Work to be completed
Reproduce only the lines below from the line containing "(43141) - Maritaca, apresenta" to the line containing "THERE'S NOTHING LIKE", exactly as written, with both end lines kept. Omit the pictures.
Top of Data supplied
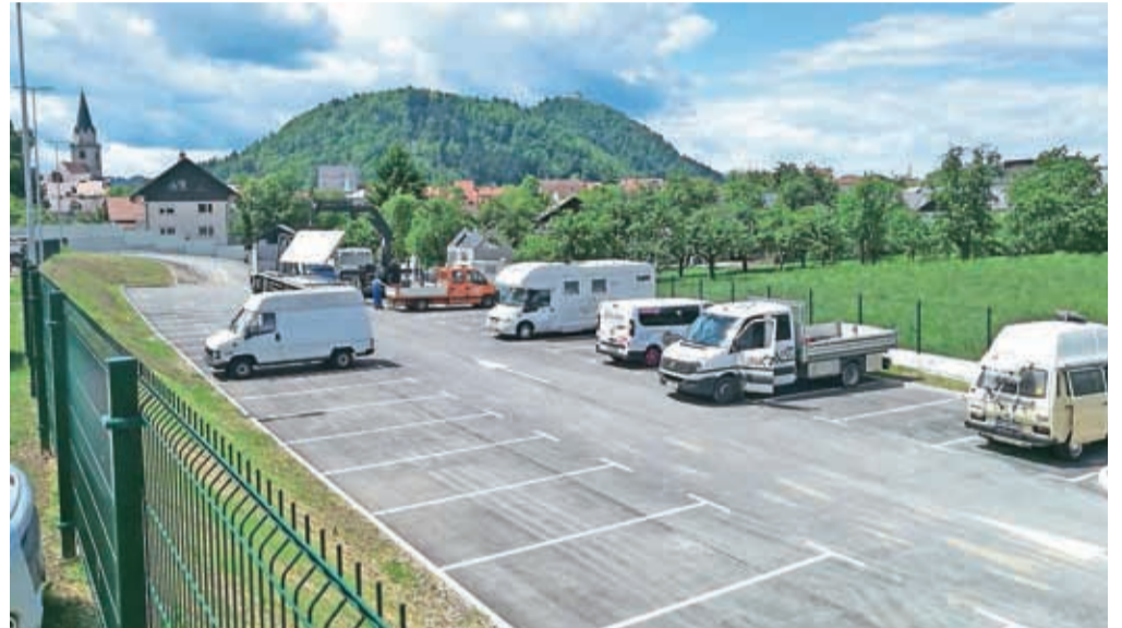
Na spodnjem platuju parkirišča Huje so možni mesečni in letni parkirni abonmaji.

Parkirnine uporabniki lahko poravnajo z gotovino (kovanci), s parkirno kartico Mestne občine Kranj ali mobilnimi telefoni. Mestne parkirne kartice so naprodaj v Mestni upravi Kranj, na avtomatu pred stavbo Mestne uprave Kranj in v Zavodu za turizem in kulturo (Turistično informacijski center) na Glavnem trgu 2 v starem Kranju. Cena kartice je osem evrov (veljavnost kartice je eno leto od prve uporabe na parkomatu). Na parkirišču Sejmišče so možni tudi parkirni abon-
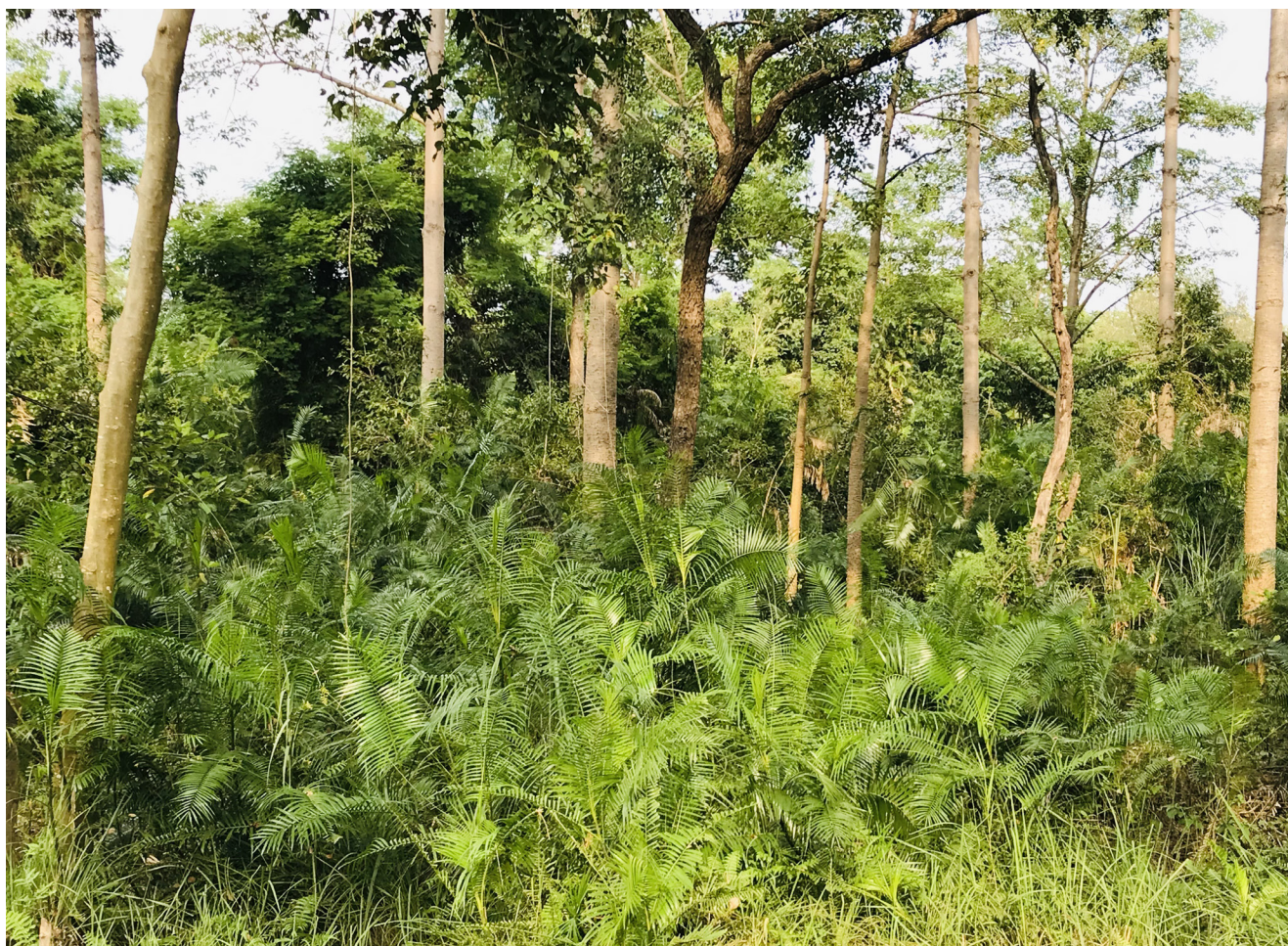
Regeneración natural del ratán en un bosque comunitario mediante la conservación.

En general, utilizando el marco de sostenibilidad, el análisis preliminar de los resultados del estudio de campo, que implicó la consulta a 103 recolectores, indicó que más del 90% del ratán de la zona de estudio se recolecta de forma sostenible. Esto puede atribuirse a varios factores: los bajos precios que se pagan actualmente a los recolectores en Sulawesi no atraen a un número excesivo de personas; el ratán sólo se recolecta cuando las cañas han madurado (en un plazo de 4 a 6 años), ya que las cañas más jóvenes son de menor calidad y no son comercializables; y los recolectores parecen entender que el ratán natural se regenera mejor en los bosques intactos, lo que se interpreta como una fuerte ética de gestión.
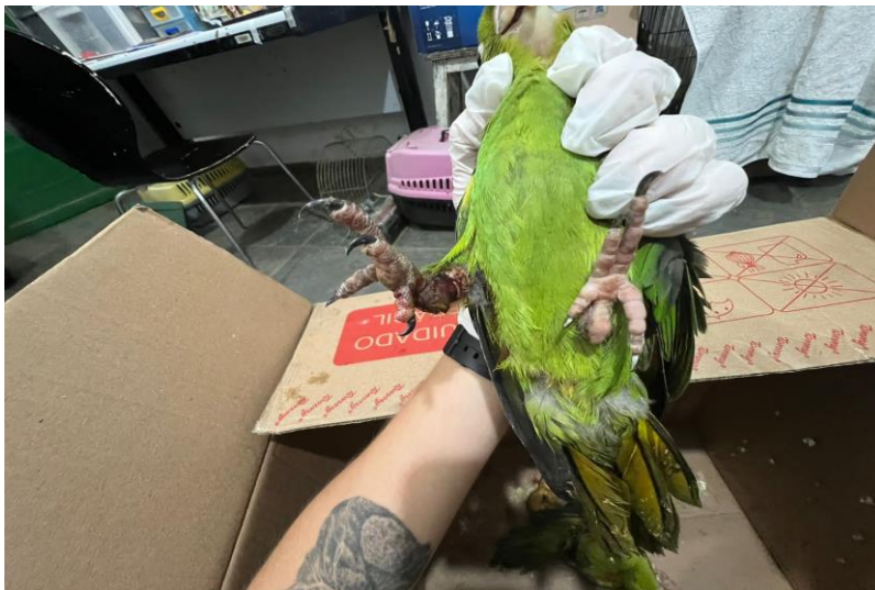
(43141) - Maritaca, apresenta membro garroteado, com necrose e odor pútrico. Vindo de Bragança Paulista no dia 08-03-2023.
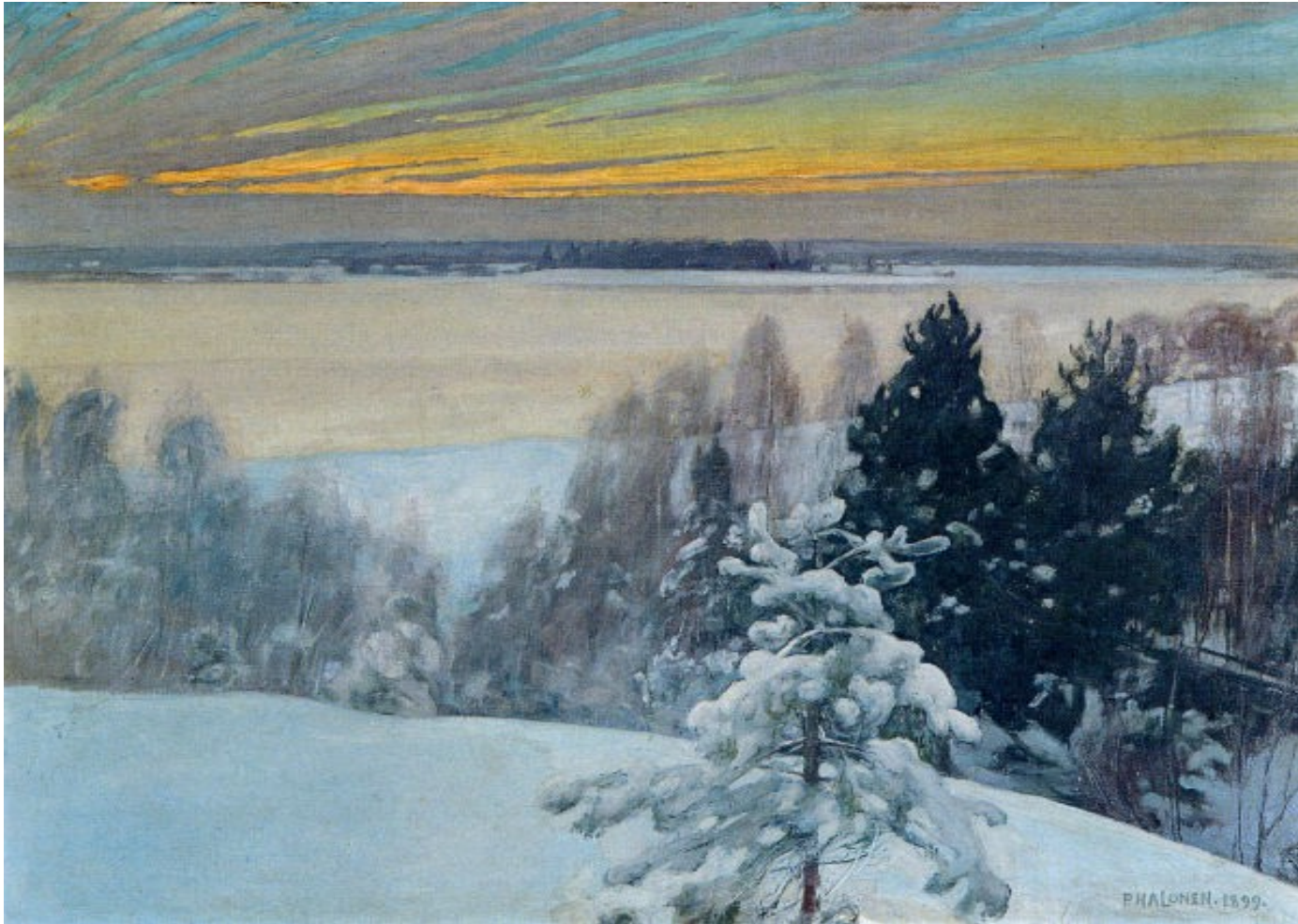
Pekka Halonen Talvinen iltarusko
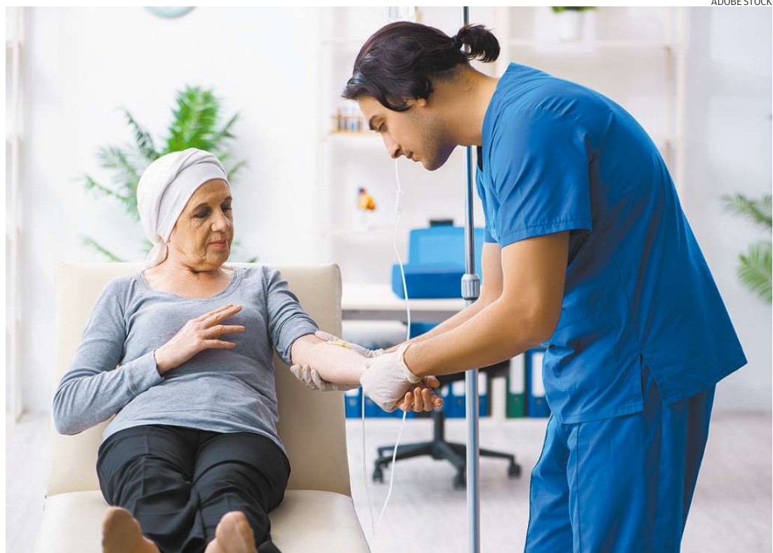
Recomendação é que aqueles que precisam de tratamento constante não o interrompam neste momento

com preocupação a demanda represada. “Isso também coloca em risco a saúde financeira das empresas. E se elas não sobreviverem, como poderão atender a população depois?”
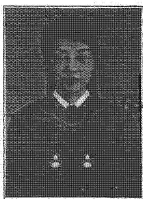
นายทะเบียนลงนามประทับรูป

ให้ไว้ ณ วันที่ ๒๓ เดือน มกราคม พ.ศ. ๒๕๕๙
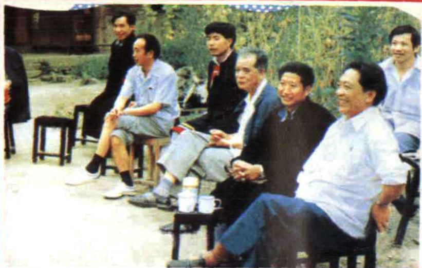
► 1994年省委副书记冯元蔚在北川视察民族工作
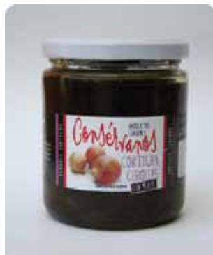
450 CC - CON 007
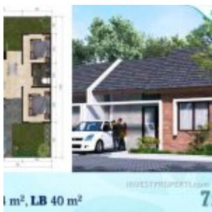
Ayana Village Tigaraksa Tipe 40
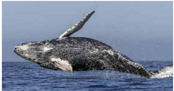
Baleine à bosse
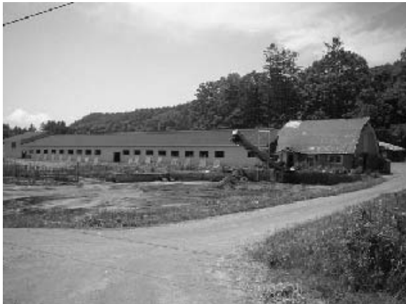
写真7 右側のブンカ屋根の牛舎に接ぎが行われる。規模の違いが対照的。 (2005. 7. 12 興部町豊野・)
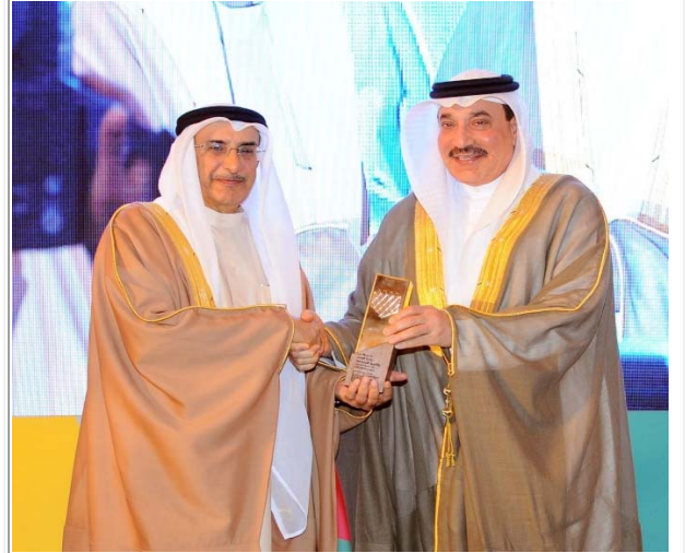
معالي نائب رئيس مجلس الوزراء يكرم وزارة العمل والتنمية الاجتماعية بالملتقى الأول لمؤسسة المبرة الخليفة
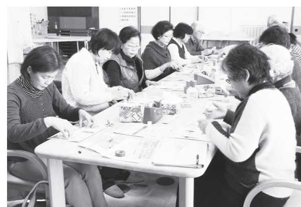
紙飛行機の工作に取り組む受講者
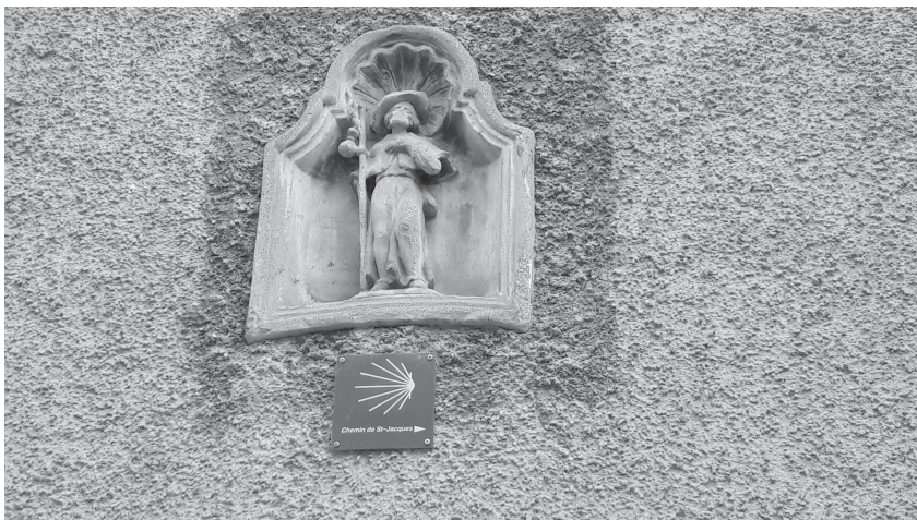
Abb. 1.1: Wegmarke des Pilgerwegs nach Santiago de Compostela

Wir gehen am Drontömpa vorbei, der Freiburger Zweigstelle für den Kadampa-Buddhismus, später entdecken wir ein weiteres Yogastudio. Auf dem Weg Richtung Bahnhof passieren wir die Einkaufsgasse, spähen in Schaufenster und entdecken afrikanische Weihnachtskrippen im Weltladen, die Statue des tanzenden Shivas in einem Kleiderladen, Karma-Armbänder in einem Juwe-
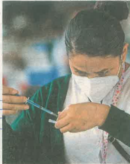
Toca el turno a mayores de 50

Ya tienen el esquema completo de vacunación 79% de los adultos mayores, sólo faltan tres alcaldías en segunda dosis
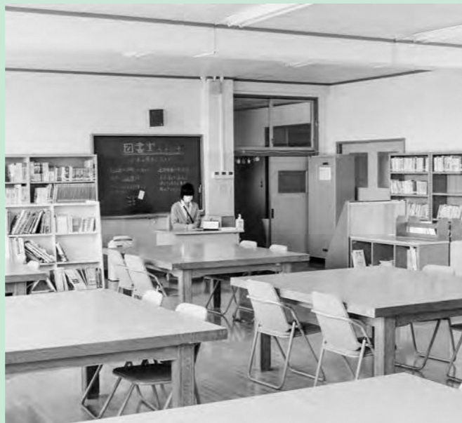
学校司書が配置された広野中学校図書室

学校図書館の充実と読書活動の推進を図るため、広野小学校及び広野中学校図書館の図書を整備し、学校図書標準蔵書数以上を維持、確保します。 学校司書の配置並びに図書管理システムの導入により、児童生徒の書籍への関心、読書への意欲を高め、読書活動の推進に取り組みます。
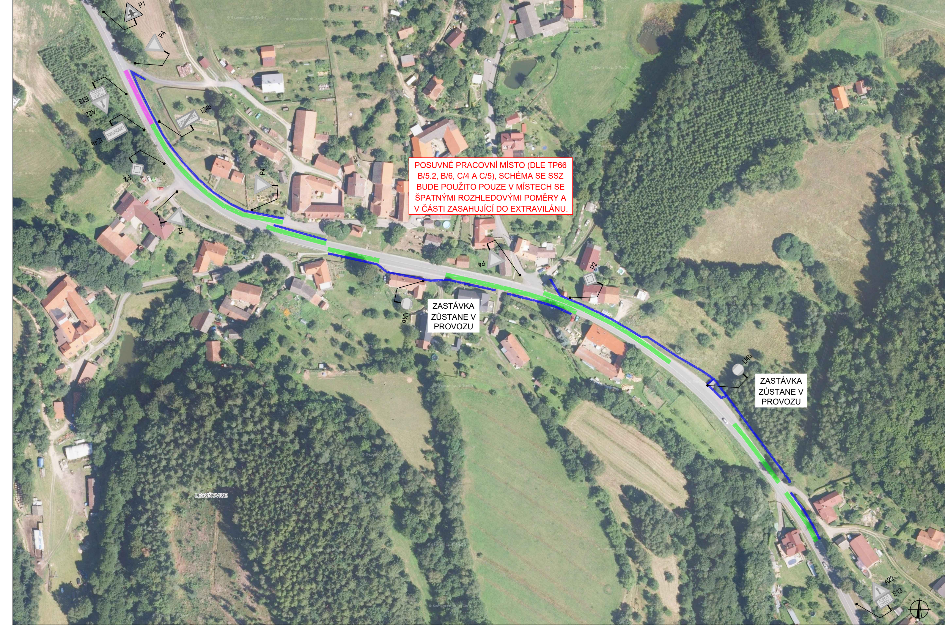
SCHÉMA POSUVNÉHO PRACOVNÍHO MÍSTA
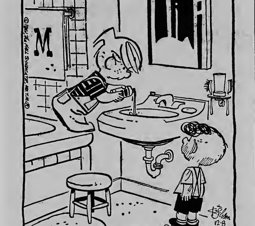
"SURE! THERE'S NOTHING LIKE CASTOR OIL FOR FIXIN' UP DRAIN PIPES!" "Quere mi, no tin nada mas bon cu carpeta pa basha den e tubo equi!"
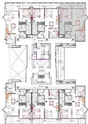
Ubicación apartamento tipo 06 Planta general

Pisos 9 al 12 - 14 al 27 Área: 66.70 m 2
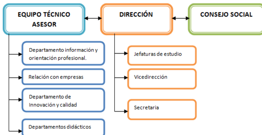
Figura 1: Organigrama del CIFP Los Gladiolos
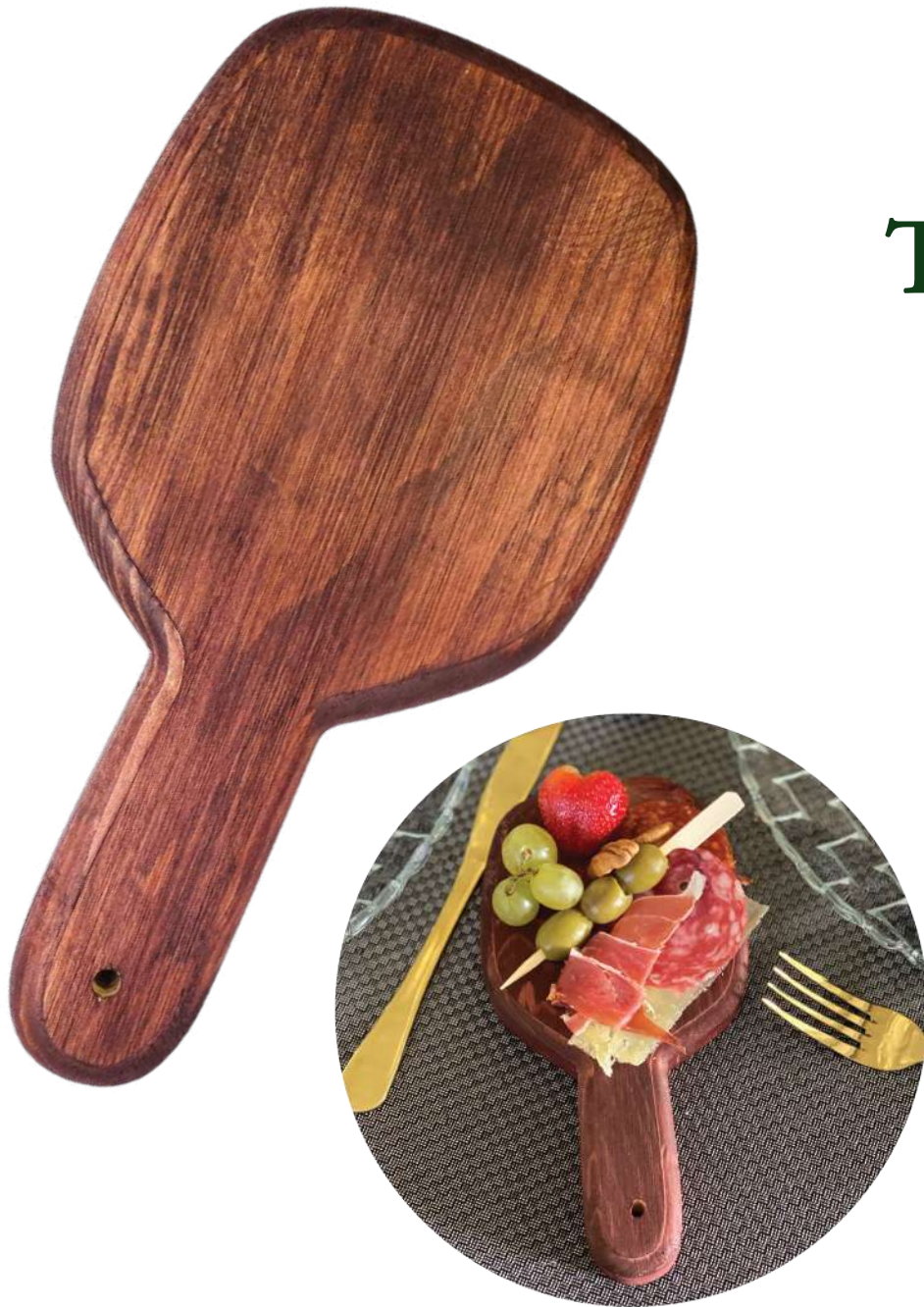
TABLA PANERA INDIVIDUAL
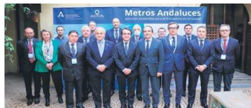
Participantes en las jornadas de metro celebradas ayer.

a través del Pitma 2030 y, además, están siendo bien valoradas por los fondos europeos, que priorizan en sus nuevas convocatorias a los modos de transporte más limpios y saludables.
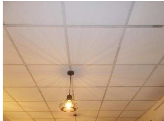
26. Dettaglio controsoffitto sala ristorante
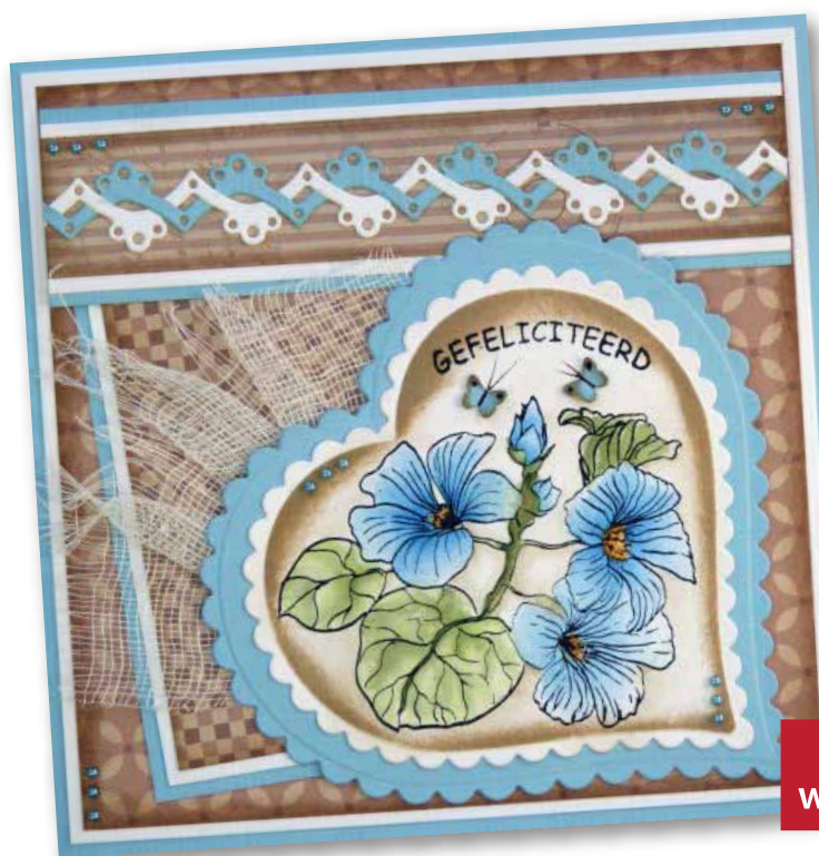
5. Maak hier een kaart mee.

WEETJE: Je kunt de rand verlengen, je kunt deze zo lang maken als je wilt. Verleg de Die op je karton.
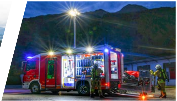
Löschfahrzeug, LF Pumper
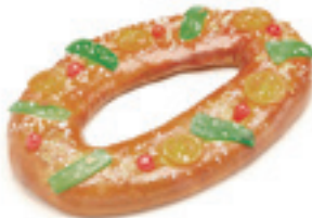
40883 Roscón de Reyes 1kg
Bottom of Data supplied
Written reply
(43141) - Maritaca, apresenta membro garroteado, com necrose e odor pútrico. Vindo de Bragança Paulista no dia 08-03-2023.
Pekka Halonen Talvinen iltarusko
Recomendação é que aqueles que precisam de tratamento constante não o interrompam neste momento

com preocupação a demanda represada. “Isso também coloca em risco a saúde financeira das empresas. E se elas não sobreviverem, como poderão atender a população depois?”
นายทะเบียนลงนามประทับรูป

ให้ไว้ ณ วันที่ ๒๓ เดือน มกราคม พ.ศ. ๒๕๕๙
► 1994年省委副书记冯元蔚在北川视察民族工作
450 CC - CON 007
Ayana Village Tigaraksa Tipe 40
Baleine à bosse
写真7 右側のブンカ屋根の牛舎に接ぎが行われる。規模の違いが対照的。 (2005. 7. 12 興部町豊野・)
معالي نائب رئيس مجلس الوزراء يكرم وزارة العمل والتنمية الاجتماعية بالملتقى الأول لمؤسسة المبرة الخليفة
紙飛行機の工作に取り組む受講者
Abb. 1.1: Wegmarke des Pilgerwegs nach Santiago de Compostela

Wir gehen am Drontömpa vorbei, der Freiburger Zweigstelle für den Kadampa-Buddhismus, später entdecken wir ein weiteres Yogastudio. Auf dem Weg Richtung Bahnhof passieren wir die Einkaufsgasse, spähen in Schaufenster und entdecken afrikanische Weihnachtskrippen im Weltladen, die Statue des tanzenden Shivas in einem Kleiderladen, Karma-Armbänder in einem Juwe-
Toca el turno a mayores de 50

Ya tienen el esquema completo de vacunación 79% de los adultos mayores, sólo faltan tres alcaldías en segunda dosis
学校司書が配置された広野中学校図書室

学校図書館の充実と読書活動の推進を図るため、広野小学校及び広野中学校図書館の図書を整備し、学校図書標準蔵書数以上を維持、確保します。 学校司書の配置並びに図書管理システムの導入により、児童生徒の書籍への関心、読書への意欲を高め、読書活動の推進に取り組みます。
SCHÉMA POSUVNÉHO PRACOVNÍHO MÍSTA
"SURE! THERE'S NOTHING LIKE CASTOR OIL FOR FIXIN' UP DRAIN PIPES!" "Quere mi, no tin nada mas bon cu carpeta pa basha den e tubo equi!"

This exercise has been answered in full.